PRESS OF ALTLANTC CITY (New Jersey) 15 June 05 Turtle found ‘dead’ in crab trap revives in refrigerator (Richard Degener)
Middle Township: Hans Toft figures Lazarus may have seen the white light and swam the other away.
All the high school science teacher knows for sure is that Lazarus, a diamondback terrapin turtle, survived a brush with death.
Toft, a natural sciences teacher here at the Cape May County Technical High School, hopes the tale will save other diamondback terrapins that get stuck in crab traps.
The story began last Friday when Toft's class was checking one of its crab traps on Great Sound. Although the trap has what is known as a "turtle excluder device," somehow a big female, with a shell about eight inches wide, managed to get into the trap.
The aquatic turtle that lives in brackish water, and is considered a threatened species in New Jersey, wasn't moving. She appeared dead. When terrapins get stuck in crab traps they can't surface for air and they eventually drown. Toft said that is one reason he checks the crab traps every day.
"It was dead and I was very upset. I blew breath into it, which I didn't think would do any good, but I did it to gross my students out," Toft said.

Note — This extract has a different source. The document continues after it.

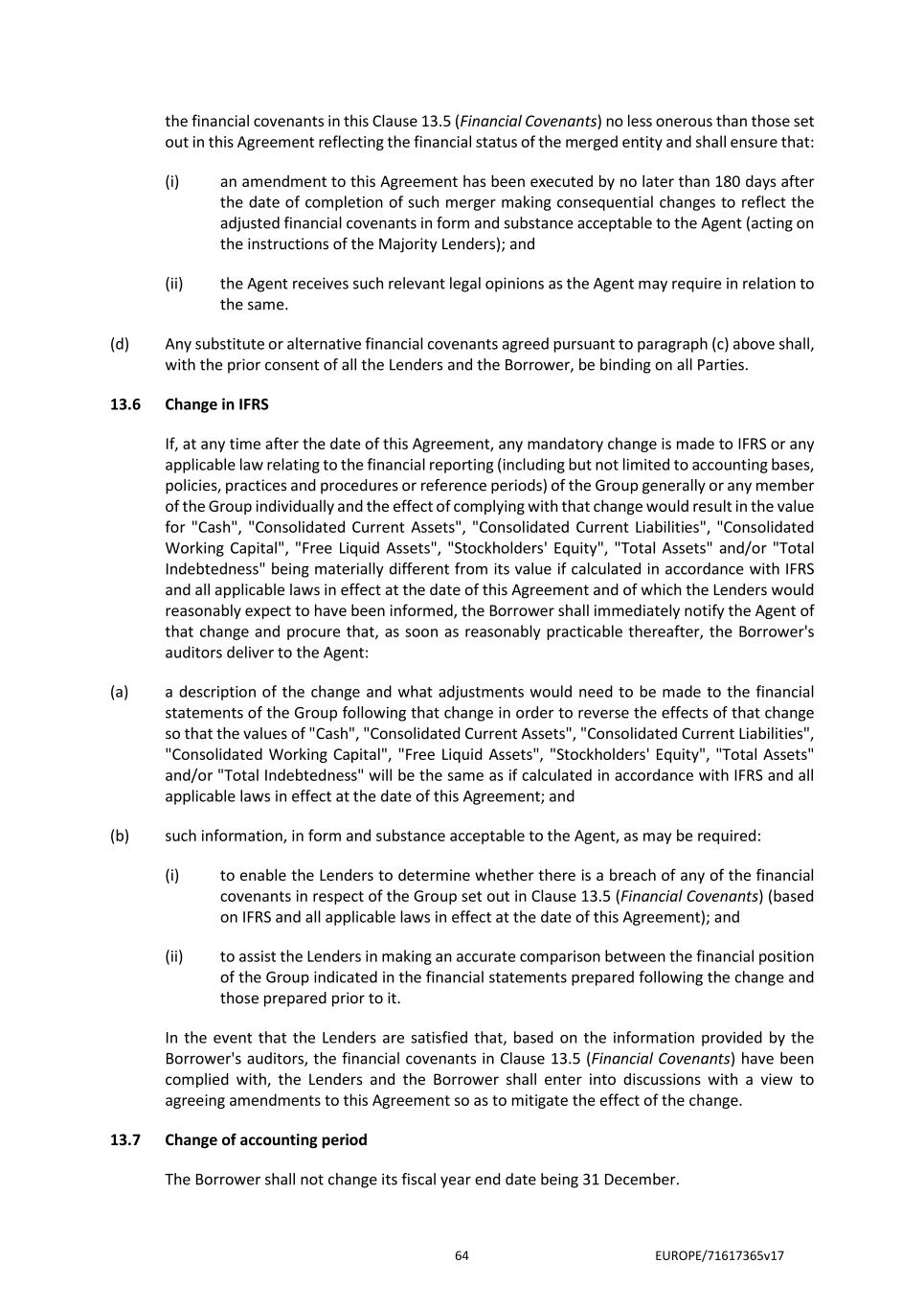 64 EUROPE/71617365v17 the financial covenants in this Clause 13.5 (Financial Covenants) no less onerous than those set out in this Agreement reflecting the financial status of the merged entity and shall ensure that: (i) an amendment to this Agreement has been executed by no later than 180 days after the date of completion of such merger making consequential changes to reflect the adjusted financial covenants in form and substance acceptable to the Agent (acting on the instructions of the Majority Lenders); and (ii) the Agent receives such relevant legal opinions as the Agent may require in relation to the same. (d) Any substitute or alternative financial covenants agreed pursuant to paragraph (c) above shall, with the prior consent of all the Lenders and the Borrower, be binding on all Parties. 13.6 Change in IFRS If, at any time after the date of this Agreement, any mandatory change is made to IFRS or any applicable law relating to the financial reporting (including but not limited to accounting bases, policies, practices and procedures or reference periods) of the Group generally or any member of the Group individually and the effect of complying with that change would result in the value for "Cash", "Consolidated Current Assets", "Consolidated Current Liabilities", "Consolidated Working Capital", "Free Liquid Assets", "Stockholders' Equity", "Total Assets" and/or "Total Indebtedness" being materially different from its value if calculated in accordance with IFRS and all applicable laws in effect at the date of this Agreement and of which the Lenders would reasonably expect to have been informed, the Borrower shall immediately notify the Agent of that change and procure that, as soon as reasonably practicable thereafter, the Borrower's auditors deliver to the Agent: (a) a description of the change and what adjustments would need to be made to the financial statements of the Group following that change in order to reverse the effects of that change so that the values of "Cash", "Consolidated Current Assets", "Consolidated Current Liabilities", "Consolidated Working Capital", "Free Liquid Assets", "Stockholders' Equity", "Total Assets" and/or "Total Indebtedness" will be the same as if calculated in accordance with IFRS and all applicable laws in effect at the date of this Agreement; and (b) such information, in form and substance acceptable to the Agent, as may be required: (i) to enable the Lenders to determine whether there is a breach of any of the financial covenants in respect of the Group set out in Clause 13.5 (Financial Covenants) (based on IFRS and all applicable laws in effect at the date of this Agreement); and (ii) to assist the Lenders in making an accurate comparison between the financial position of the Group indicated in the financial statements prepared following the change and those prepared prior to it. In the event that the Lenders are satisfied that, based on the information provided by the Borrower's auditors, the financial covenants in Clause 13.5 (Financial Covenants) have been complied with, the Lenders and the Borrower shall enter into discussions with a view to agreeing amendments to this Agreement so as to mitigate the effect of the change. 13.7 Change of accounting period The Borrower shall not change its fiscal year end date being 31 December.

Because Lazarus was bearing eggs, Toft decided to bring her back to the school and extract them. A program at the Wetlands Institute takes eggs out of terrapins killed crossing roads, hatches them in the lab and then releases the baby turtles back into the wild.
It was Friday afternoon, so Toft chucked the turtle into a refrigerator, figuring he would deal with it later. On Sunday, he came into the classroom to check whether the blueclaw crabs had molted, and he opened the refrigerator door to find a live turtle. Lazarus was moving.
But the turtle would not open its eyes, so he put it in a dry aquarium hoping it would thaw out. On Monday morning, the class arrived to find a fully revived turtle. Somehow, Toft said Lazarus "restarted her engine."
On Tuesday afternoon, Lazarus was released back into Great Sound at the very same spot where she was caught and feared dead four days earlier.
"I thought it was dead. There was no motion at all on Friday, and today it swam away, trying to bite me," Toft said.
There might be some lessons to be learned. Toft said crabbers might be pulling seemingly dead terrapins out of traps every day. If they throw them in the water in such a state, they could drown. If they throw them on the bank, the gulls will eat them.
Toft isn't sure if the time in a 48-degree refrigerator helped or whether the key was just time passing while the turtle revived itself. All he knows for sure is this particular turtle didn't go to the white light.